While exploring the fashion industry and of all the harm that it causes, it leads me to one major question: what can be done to change it and how can we go about it?
Although words can be strong, they aren’t always enough when making comparisons to the media.
Why don’t we believe people when they give us complements? I’ve been told just about one thousand times that I am beautiful the way I am, but when I compare myself to fashion industry superstars like Gigi Hadid or Kendall Jenner I can’t help but feel horrible about myself.
Yes, I am not 6 feet tall and I don’t have blemish free skin but I am educated, compassionate, and kind (at least I hope I am). If I know that I am a good person, why do I still have these uneasy feelings?
Luckily, there are people out there attempting to make a real difference against the fashion industry and its standards.
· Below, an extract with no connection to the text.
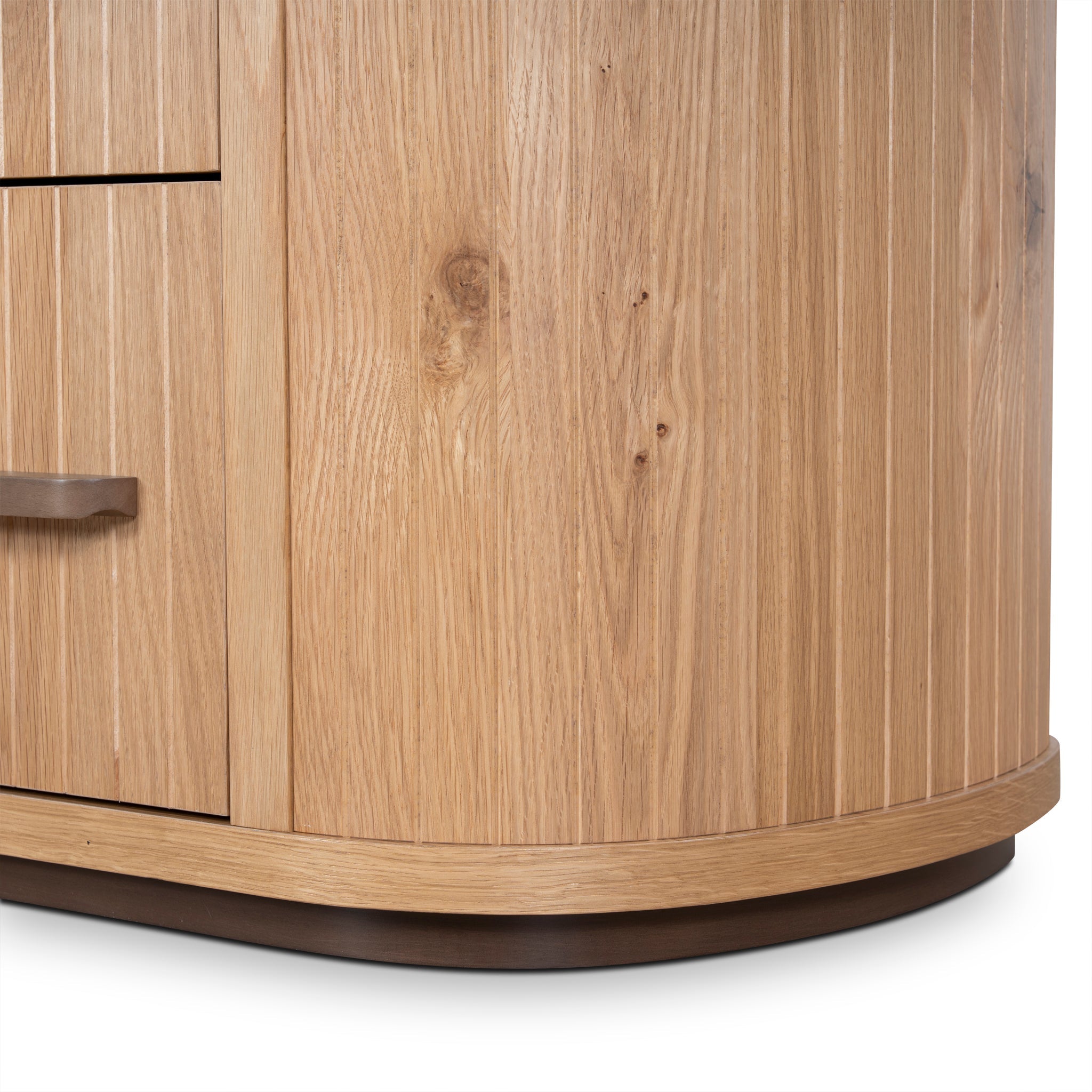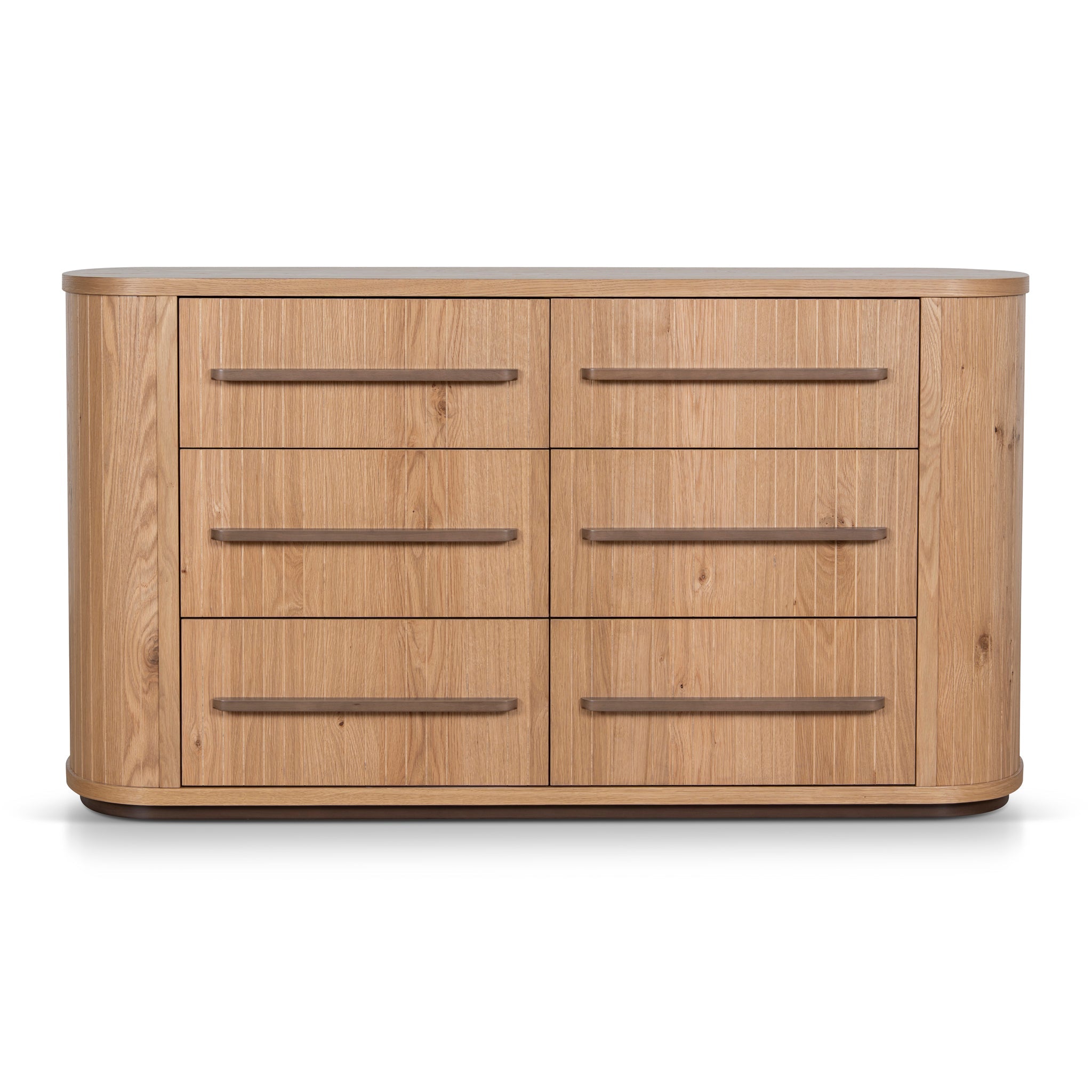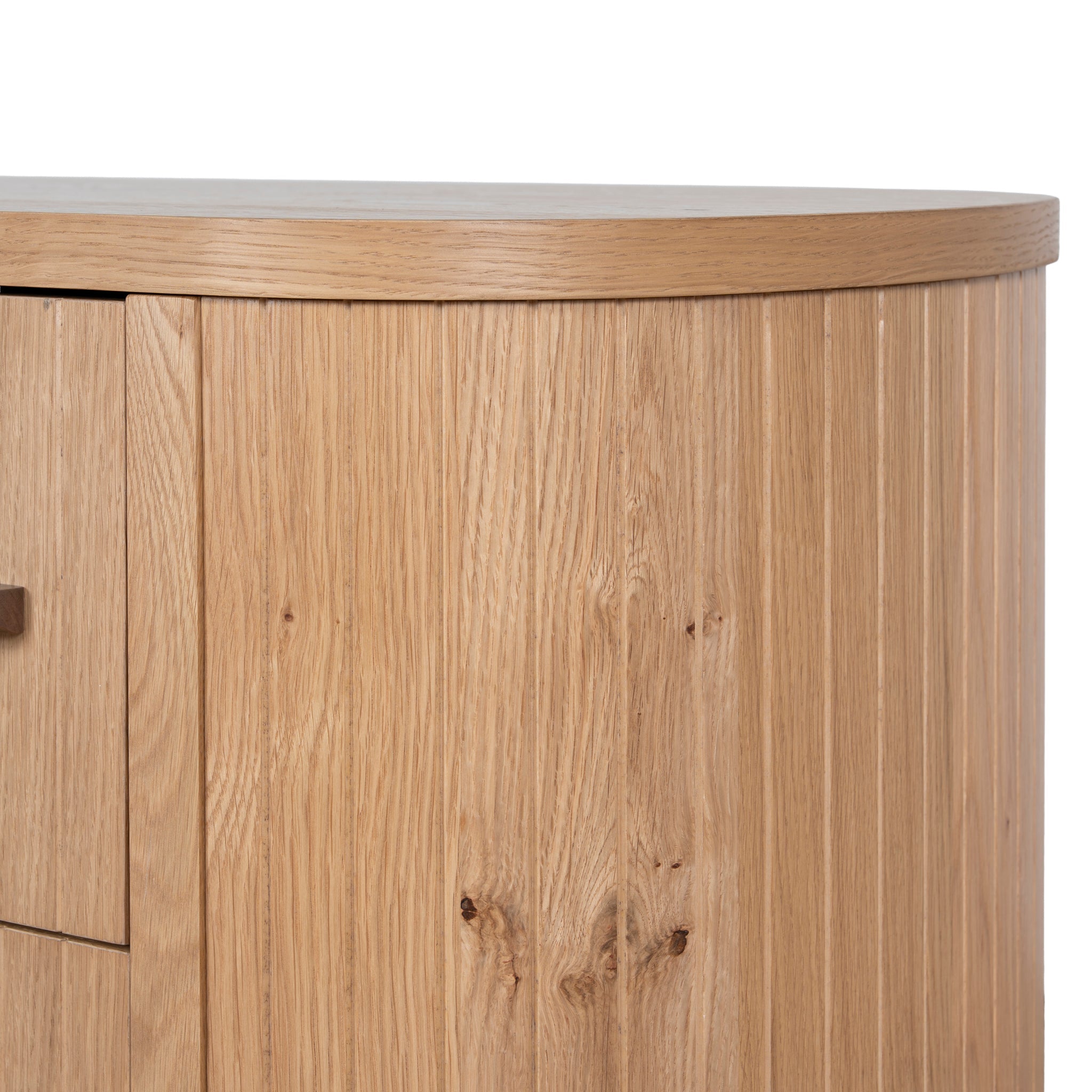 Knotty Oak veneer on composite board with veneer edging Composite board plinth stained WTH Side panels with V-groove detailing Solid EU Beech vertical rails stained French dovetail drawer construction Soft-closing Chinese runners for quiet glide Drawer fronts in Knotty Oak veneer with V-groove pattern Drawer sides, backs, and bottoms in Pigment PPC 1 composite board Solid Beech handles in WTH stain Weight capacity: Top 25.5 kg / Drawer box 3.5 kg Minor assembly required

One example are the many organizations and non-profits that have been created to combat the media industries. One of my favorite organizations I have come across is Media Girls. This local non-profit out of Boston acknowledges that we need girls and women to speak their minds and advocate for themselves and protect their rights. According to their website, their main focus is to fight sexist messages and stereotypes in pop culture. They mainly work with middle school girls to have them challenge the media that we are all used to seeing every day through programing, speaking engagements, health workshops, and their blog.
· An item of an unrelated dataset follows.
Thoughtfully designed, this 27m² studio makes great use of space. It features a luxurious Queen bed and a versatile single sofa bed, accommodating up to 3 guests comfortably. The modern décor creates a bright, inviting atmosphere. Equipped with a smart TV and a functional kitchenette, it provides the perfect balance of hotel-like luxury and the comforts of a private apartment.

While organizations like this are very helpful, sometimes a way strike a chord in someone is through art and images. Just within the past month I have come across many great pieces just by browsing my Facebook, Instagram, as well at websites such as Refinery29.
One of my Facebook friends shared a post from the Skai Juice account on Facebook. This page states that it’s mission is to get the word out that everyone has the ability to live a healthy and abundant life.
This image really stuck with me. As a little kid, you’re not concerned with the way you look, let alone if you have a little bit of a belly. Our society teaches us to be this way. Our society teaches us to hate our bodies
Another example of changing society through art is a Refinery29 article. The artist Alexa Meade is an artist who paints directly on her subjects to make 3D appear 2D. Meade painted this image below to create a real-life painting commenting on our obsession with weight loss and body image. I highly suggesting clicking on the link above to watch the full video.
Another way to get ideas across to people is through humor. Comedian Celeste Barber has gotten a rise in popularity after her Instagram account rose to popularity later last week. Through her images she hilariously shows us how high the standards are that we are seeing everyday. Though many are exaggerated and are obvious jokes, some truly shows the ideals women are supposed to live up to.
Although all of these examples are supporting the cause and trying to prove to get the word out that there is a problem, it isn’t actually solving the issue at hand. If we want to actually change women’s body image within the fashion industry, we need to change it at its roots.
After doing all of my research, I believe that the advertising industry is where we need to make serious changes. They are the ones that are creating these lifestyle images of perfection though marketing, that we then buy into. One root solution could be government limitations on advertising. In the fashion industry specifically there should be limitations on a model’s weight, at least to be sure that they are healthy and not on the brink of illness. There should also be rules on photoshop and editing tools. I feel like products in their true fashion are what should be on display, not a false image.
If we were to have a utopian world, I think it would be a place free of advertising. All it seems to do now is trick people into buying what they don’t need, or more importantly buying into a lifestyle that they don’t have. With the capitalistic economy we have today I think it will be a long road ahead of us to have body positivity within the fashion industry.